Dilate each voxel on the skeleton using a spherical structuring element with radius equal to the value of the skeleton voxel. This is done in a for loop, starting from the maximum structuring element size, and in decreasing order. Larger spheres do not get overwritten by smaller spheres. The dilations are accomplished using fft convolution on the GPU using cupyx.scipy.signal.signaltools.convolve, which takes ~ 0.005 seconds.
Less code is required to reproduce the effect I am seeing, however.

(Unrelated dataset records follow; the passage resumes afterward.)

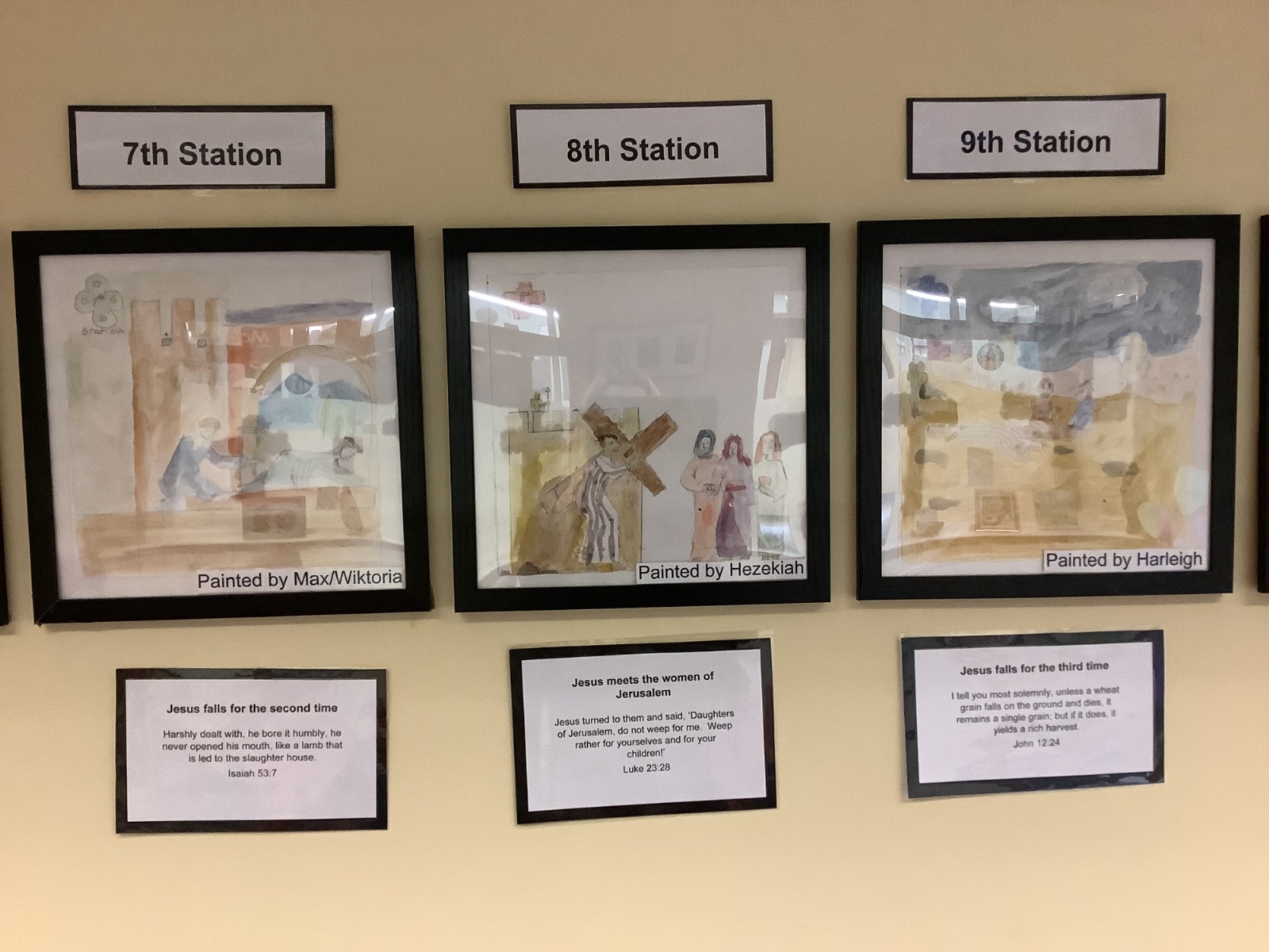 The Stations of the Cross are displayed in the school chapel and were drawn and painted by our Year 6 pupils. We pray the Stations of the Cross at a variety of times in the year; during Lent the Faith Council lead parents, parishioners, governors and trustees through a special prayer service where they pray the Stations of the Cross together.
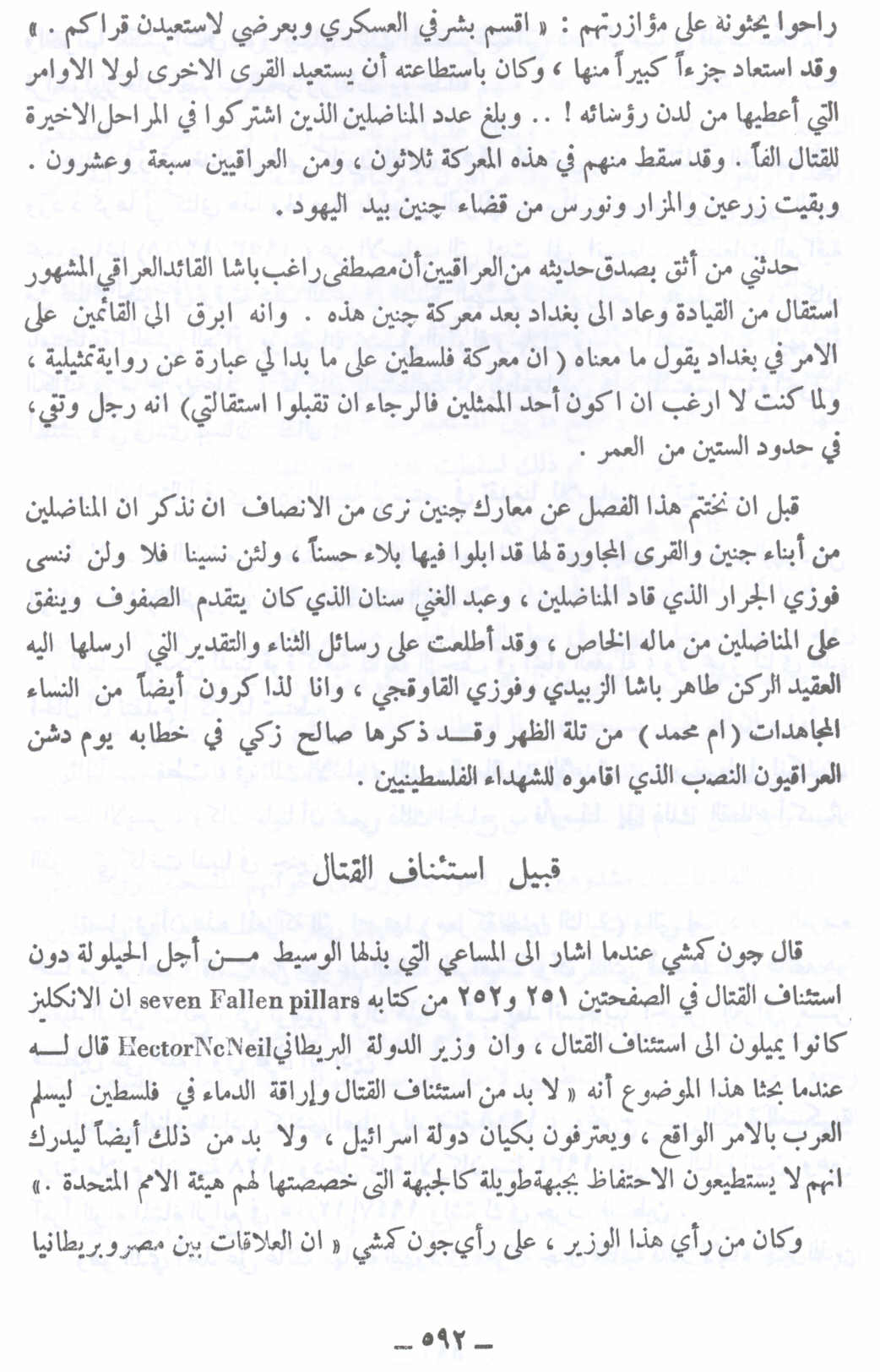 قبيل إستئناف القتال (أسفل الصفحة) -- النكبة الفلسطينية والفردوس المفقود للأستاذ عارف العارف |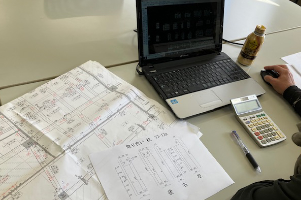 施工図をもとに柱・梁・壁・床の寸法、形状を拾い出し、型枠の加工図を作成し、必要な材料を計算し発注。

The essential part is performing many fft convolutions in sequence.
A minimum reproducible example is as follows:
import skimage
import time
import cupy as cp
from cupyx.scipy.signal.signaltools import convolve
# Generate a binary image
im = cp.random.random((250,250,250)) > 0.4
# Generate spherical structuring kernels for input to convolution
structuring_kernels = {}
for r in range(1,21):
structuring_kernels.update({r: cp.array(skimage.morphology.ball(r))})
# run dilation process in loop
for i in range(10):
s = time.perf_counter()
for j in range(20,0,-1):
convolve(im, structuring_kernels[j], mode='same', method='fft')
e = time.perf_counter()
# time.sleep(2)
print(e-s)
When run as is, after the first couple of loops, each dilation loop takes ~ 1.8 seconds on my computer. If I uncomment the time.sleep(2) line (ie pause for 2 seconds between each loop), then the loop function call only takes 0.05 seconds. I suspect this has to do with threading or GPU use, as it takes a couple of loops for it to reach the 1.8 seconds, then it remains steady at that value. When I monitor my GPU usage, the 3D monitor quickly spikes to 100% and stays close to there.
If I am just being limited by the capacity of my GPU, why do the first couple of loops run faster? Could a memory leak be happening? Does anyone know why this is happening, and if there is a way to prevent it, possibly using backend controls in cupy?
I'm not sure if this is necessary, but my local thickness function in its entirety is as follows:
import porespy as ps
from skimage.morphology import skeletonize_3d
import time
import numpy as np
import cupy as cp
from edt import edt
from cupyx.scipy.signal.signaltools import convolve
def local_thickness_cp(im, masks=None, method='fft'):
"""
Parameters
----------
im: 3D voxelized image for which the local thickness map is desired
masks: (optional) A dictionary of the structuring elements to be used
method: 'fft' or 'direct'
Returns
-------
The local thickness map
"""
s = time.perf_counter()
# Calculate the euclidean distance transform using edt package
dt = cp.array(edt(im, parallel=15))
e = time.perf_counter()
# print(f'EDT took {e - s}')
s = time.perf_counter()
# Calculate the skeleton of the image and multiply by dt
skel = cp.array(ps.filters.chunked_func(skeletonize_3d,
overlap=17,
divs=[2, 3, 3],
cores=20,
image=im).astype(bool)) * dt
e = time.perf_counter()
# print(f'skeletonization took {e - s} seconds')
r_max = int(cp.max(skel))
s = time.perf_counter()
if not masks:
masks = {}
for r in range(int(r_max), 0, -1):
masks.update({r: cp.array(ps.tools.ps_ball(r))})
e = time.perf_counter()
# print(f'mask creation took {e - s} seconds')
# Initialize the local thickness image
final = cp.zeros(cp.shape(skel))
time_in_loop = 0
s = time.perf_counter()
for r in range(r_max, 0, -1):
# Get a mask of where the skeleton has values between r-1 and r
skel_selected = ((skel > r - 1) * (skel <= r)).astype(int)
# Perform dilation on the mask using fft convolve method, and multiply by radius of pore size
dilation = (convolve(skel_selected, masks[r], mode='same', method=method) > 0.1) * r
# Add dilation to local thickness image, where it is still zero (ie don't overwrite previous inserted values)
final = final + (final == 0) * dilation
e = time.perf_counter()
# print(f'Dilation loop took {e - s} seconds')
return final
Now, in theory, the function should take ~ 0.80 seconds to compute. However, when called in a loop on separate images, it takes ~1.5 seconds. However, if I add a time.sleep(1) after each function call, then the function does take approximately 0.8 seconds.

Related

Is there a way to speed up or vectorize a nested for loop?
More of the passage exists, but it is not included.